Whilst an entirely plain gauge wheel is less durable than an entirely double-butted, the same does not apply to the judicious combination of double-butted and plain in a dished wheel. Although the plain gauge do not have the extra-strong heads of single-butted, their greater stiffness compared to double-butted still provides all the symmetry benefits of elongation matching.

So whilst Mick might well have spent a bit more on even swankier spokes, that could have given a marginally even finer rear wheel, the combination of double-butted left and plain gauge right brings a lot of the same advantages.
_________________
Chris Juden


CJ
Lawrie9 wrote:
Clear as mud!

Attempt at simple version:

In a typical road bike rear wheel the rim is half as far from the right hub flange than the left, and right spokes have to be twice as tight as the left spokes to pull it off-centre like that.

Or else there could be twice as many spokes on the right, as in a Campag G3 wheel, and as in all similarly dished spoked wheels on motorcars. Motor engineering apparently does not tolerate foolish design, cycling on the other hand ... but I digress.

Bike wheels are mostly condemned to have the same number of spokes both sides, even when they're dished. The response of an intelligent designer to this constraint is to use spokes that are twice as stiff on the right.

Think about what happens if all the spokes are the same stiffness and the right side ones are twice as tight to start with. As the rim is pushed up towards the hub the left spokes go completely slack first, whilst the right ones are still pulling, so the rim shifts to the right, as far as the sideways bending stiffness of the rim may allow. Push the rim hard enough and the lateral and torsional strength of the rim will be exceeded.

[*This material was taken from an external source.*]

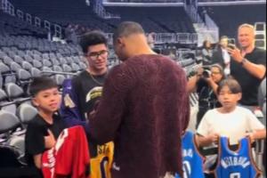 體育資訊10月20日訊 美媒昨日曬出視頻,威少為小球迷們簽名,簽了雷霆與火箭的,唯獨略過了湖人的。

Result: the familiar buckled wheel.

If the right side spokes are twice as stiff as the left however, the inbuilt 2 to 1, right to left tension ratio is maintained during any local reduction in spoke tension, as the rim is pushed upwards toward the hub. Rim deflection therefore remains purely radial in response to a radial load, with no inbuilt tendency to buckle one way or the other.

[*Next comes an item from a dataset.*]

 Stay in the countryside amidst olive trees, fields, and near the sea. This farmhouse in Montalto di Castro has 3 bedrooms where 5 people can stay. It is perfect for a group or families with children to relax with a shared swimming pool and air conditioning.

If the impact isn't truly square to the wheel of course, there's still some risk of it buckling. The simple wheel, admittedly, will be more resistant to leftward hits, but vulnerable to any knock that tends to push it to the right, since that's the way the radial load is sending it already.

Since there can be no consistent bias in the alignment of the edges of potholes etc.: the wheel built with tension balanced spoking, with equal resistance to random impacts from either direction, will be less likely to suffer damage.
_________________
Chris Juden


rogerzilla
Jobst Brandt uses the term "taco" to describe the shape taken by an overtensioned wheel when it deforms to try and get out of the way of the load (probably a form of Euler failure). "Pringle" is my favourite description.


CJ
Moderator
rogerzilla wrote:
Jobst Brandt uses the term "taco" to describe the shape taken by an overtensioned wheel when it deforms to try and get out of the way of the load (probably a form of Euler failure). "Pringle" is my favourite description.

Pringle, excellent, must try to remember to use that in future. Very Happy

But even a somewhat under-tensioned wheel will go that shape if you wallop the rim hard enough sideways.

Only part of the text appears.